Но чем больше она дряхлела, тем сильнее сказывалось в ней желание жизни. Или, лучше сказать, не столько желание жизни, сколько желание «полакомиться», сопряженное с совершенным отсутствием идеи смерти. Прежде она боялась смерти, теперь — как будто совсем позабыла об ней. И так как ее жизненные идеалы немногим разнились от идеалов любого крестьянина, то и представление о «хорошем житье», которым она себя обольщала, было довольно низменного свойства. Все, в чем она отказывала себе в течение жизни — хороший кусок, покой, беседа с живыми людьми, — все это сделалось предметом самых упорных помышлений. Все наклонности завзятой приживалки — празднословие, льстивая угодливость ради подачки, прожорливость — росли с изумительной быстротой. Она питалась дома людскими щами с несвежей солониной — и в это время мечтала о головлевских запасах, о карасях, которые водились в дубровинских прудах, о грибах, которыми полны были головлевские леса, о птице, которая откармливалась в Головлеве на скотном дворе. «Супцу бы теперь с гусиным потрохом или рыжичков бы в сметане», — мелькало в ее голове, мелькало до того живо, что даже углы губ у нее опускались. Ночью она ворочалась с боку на бок, замирая от страха при каждом шорохе, и думала: «Вот в Головлеве и запоры крепкие, и сторожа верные, стучат себе да постукивают в доску не уставаючи — спи себе, как у Христа за пазушкой!» Днем ей по целым часам приходилось ни с кем не вымолвить слова, и во время этого невольного молчания само собой приходило на ум: вот, в Головлеве — там людно, там есть и душу с кем отвести! Словом сказать, ежеминутно припоминалось Головлево, и, по мере этих припоминаний, оно делалось чем-то вроде светозарного пункта, в котором сосредоточивалось «хорошее житье».

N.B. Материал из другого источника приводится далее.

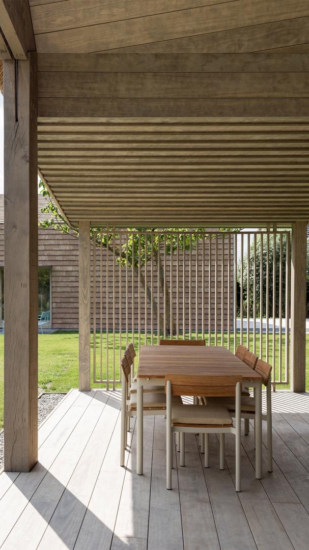 The rear façade of the Veldhuis is fully glazed. A veranda provides an overhang to shade the living spaces from the harsh summer sun, while letting the lower winter sun penetrate to warm up the thick earth brick wall in the center of the room. The earth brick wall serves two purposes – embedded heating and cooling elements allow it to serve as radiant temperature control, and it also helps regulate humidity, which is important in a wood structure.
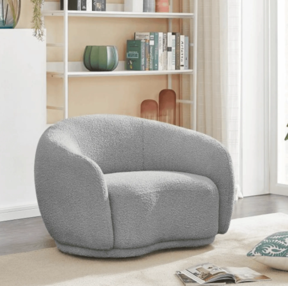 - التصميم: أريكة عصرية بظهر مستدير يضفي إحساسًا بالفخامة والانسيابية، مع خطوط ناعمة وأنيقة تناسب جميع الديكورات.
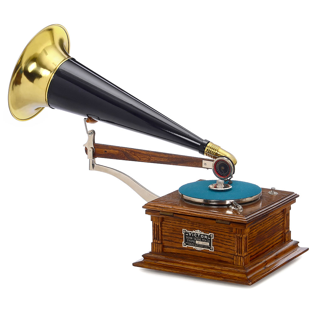 Hersteller: “Victor Talking Machine Co.”. Serien-Nr. 20894. Eichengehäuse mit Ecksäulen, frühes Victor-Schild noch ohne Hund. Doppelfederwerkmotor, Plattenteller Ø 18 cm, “Exhibition”-Schalldose, Messingtrichter auf Schwenkstab, Ø 24,5 cm, restauriert, gut funktionierender Zustand, Motor etwas zu laut.
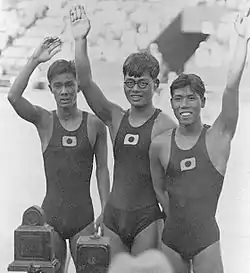 ![]() Kentaro Kawatsu (left), Toshio Irie and Masaji Kiyokawa at the 1932 Olympics | |||||||||||
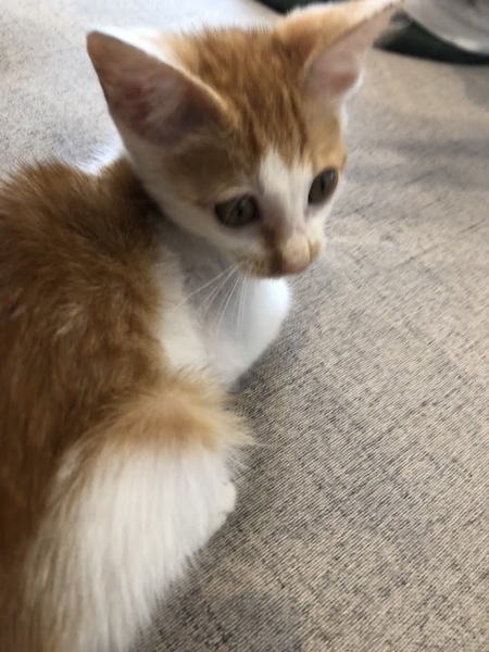 | 特徴(性格など) | 茶白の男の子。 保護時はガリガリでしたが、良く食べてふっくらしてきました。 甘えん坊で遊び好きで人が好きです。 保護時からとても人懐っこい子です。 ワクチン、血液検査は済み。エイズと白血病マイナス。 |
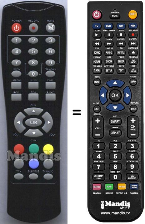 Remote control to replace the original and all its functions.
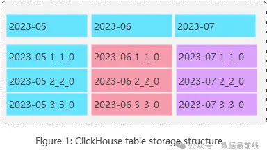 Clickhouse 批量数据插入形成一个最小的存储单元,称为Part,每个Part中的数据按照主键排序,表是由多个Part组成的。ClickHouse 的表通常都比较大,因此表中的数据通常都是先按照分区键被划分为多个分区,分区键常采用日期的方式,比如下图中按照月份分区。分区表的Part归属于某一个分区,为了实现高效的数据存储,ClickHouse会在后台定期对归属于同一个分区的Part进行合并。
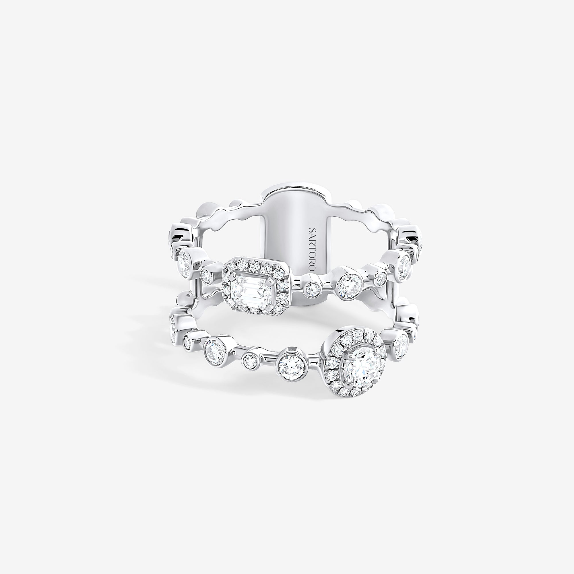 Trilogie Radiance Signature two row ring crafted in 18K white gold and set with round brilliant, emerald cut and pear-shaped diamonds.
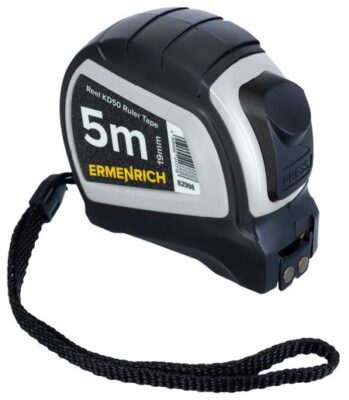 Ermenrich Reel KD50 строительная рулетка с полотном из матовой стали и магнитным зацепом. Разметка расположена с одной стороны ленты, максимальная длина измерений составляет 5 метров. Рулетка устойчива к повреждениям и истиранию покрытия, отлично подходит для решения множества базовых измерительных задач дома, на производстве, в профессиональной деятельности.Когда полотно рулетки выдвинуто, оно автоматически фиксируется. Для сворачивания ленты внутрь корпуса используется кнопка на корпусе. Пока кнопка нажата, полотно сворачивается, если кнопку отпустить, то лента снова зафиксируется.Корпус рулетки выполнен из прочного пластика и обрезинен. С тыльной стороны расположено поясное крепление.Особенности:Полотно длиной 5 метров выполнено из матовой сталиРазметка нанесена с одной стороныМеханизм автоблокировки полотно фиксируется в выбранном положенииМагнитный зацеп рулетку удобно присоединять к металлическим поверхностямОбрезиненный корпус из высокопрочного пластика долговечен и проченХарактеристики:Тип: мерная лентаЕдиницы измерения длины: см, ммКласс точности: IIТочность измерения: 2,3 мм на 10 мДлина мерной ленты, м: 5Ширина мерной ленты, мм: 19Толщина мерной ленты, мм: 0.13Материал полотна: матовая стальОсобенности мерной ленты: односторонняя, автоматическая блокировка, металлический зацеп с магнитомМатериал корпуса: высокопрочный ABS-пластикДополнительно: обрезиненная поверхность корпуса, поясное крепление
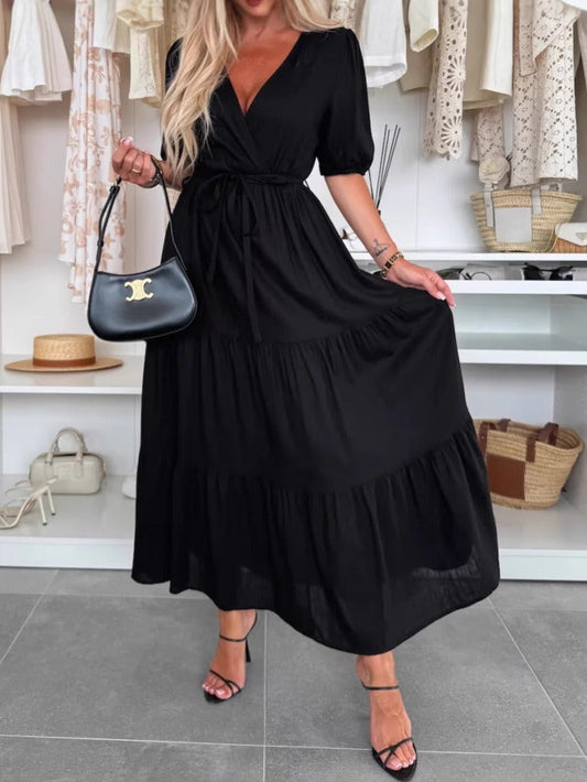 Long women's dress – Lightweight linen – Flared cut – Wrap neckline – Puff sleeves
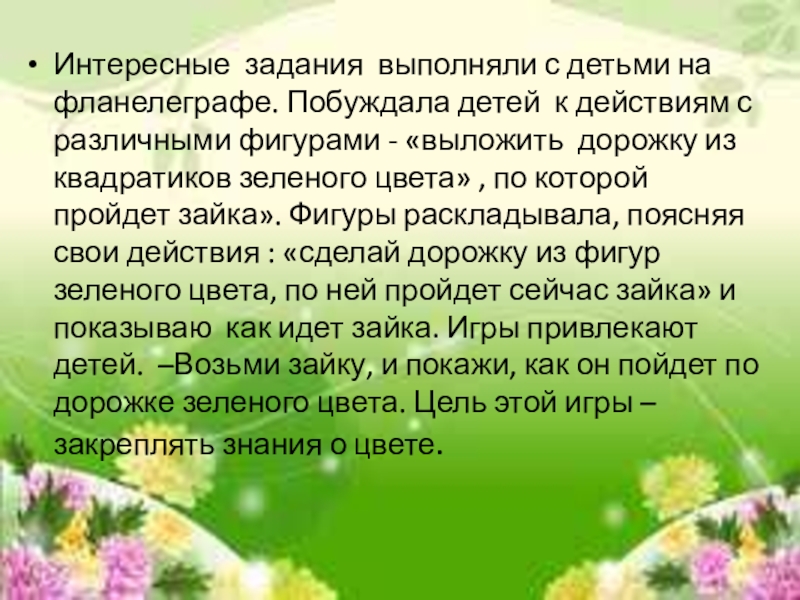 Слайд 25Интересные задания выполняли с детьми на фланелеграфе. Побуждала детей к действиям

И чем чаще смущалось воображение представлением о Головлеве, тем сильнее развращалась воля и тем дальше уходили вглубь недавние кровные обиды. Русская женщина, по самому складу ее воспитания и жизни, слишком легко мирится с участью приживалки, а потому и Арина Петровна не минула этой участи, хотя, казалось, все ее прошлое предостерегало и оберегало ее от этого ига. Не сделай она «в то время» ошибки, не отдели сыновей, не доверься Иудушке, она была бы и теперь брюзгливой и требовательной старухой, которая заставляла бы всех смотреть из ее рук. Но так как ошибка была сделана бесповоротно, то переход от брюзжаний самодурства к покорности и льстивости приживалки составлял только вопрос времени. Покуда силы сохраняли остатки прежней крепости, переход не выказывался наружу, но как только она себя сознала безвозвратно осужденною на беспомощность и одиночество, так тотчас же в душу начали заползать все поползновения малодушия и мало-помалу окончательно развратили и без того уже расшатанную волю. Иудушка, который, в первое время приезжая в Погорелку, встречал там лишь самый холодный прием, вдруг перестал быть ненавистным. Старые обиды забылись как-то само собой, и Арина Петровна первая сделала шаг к сближению.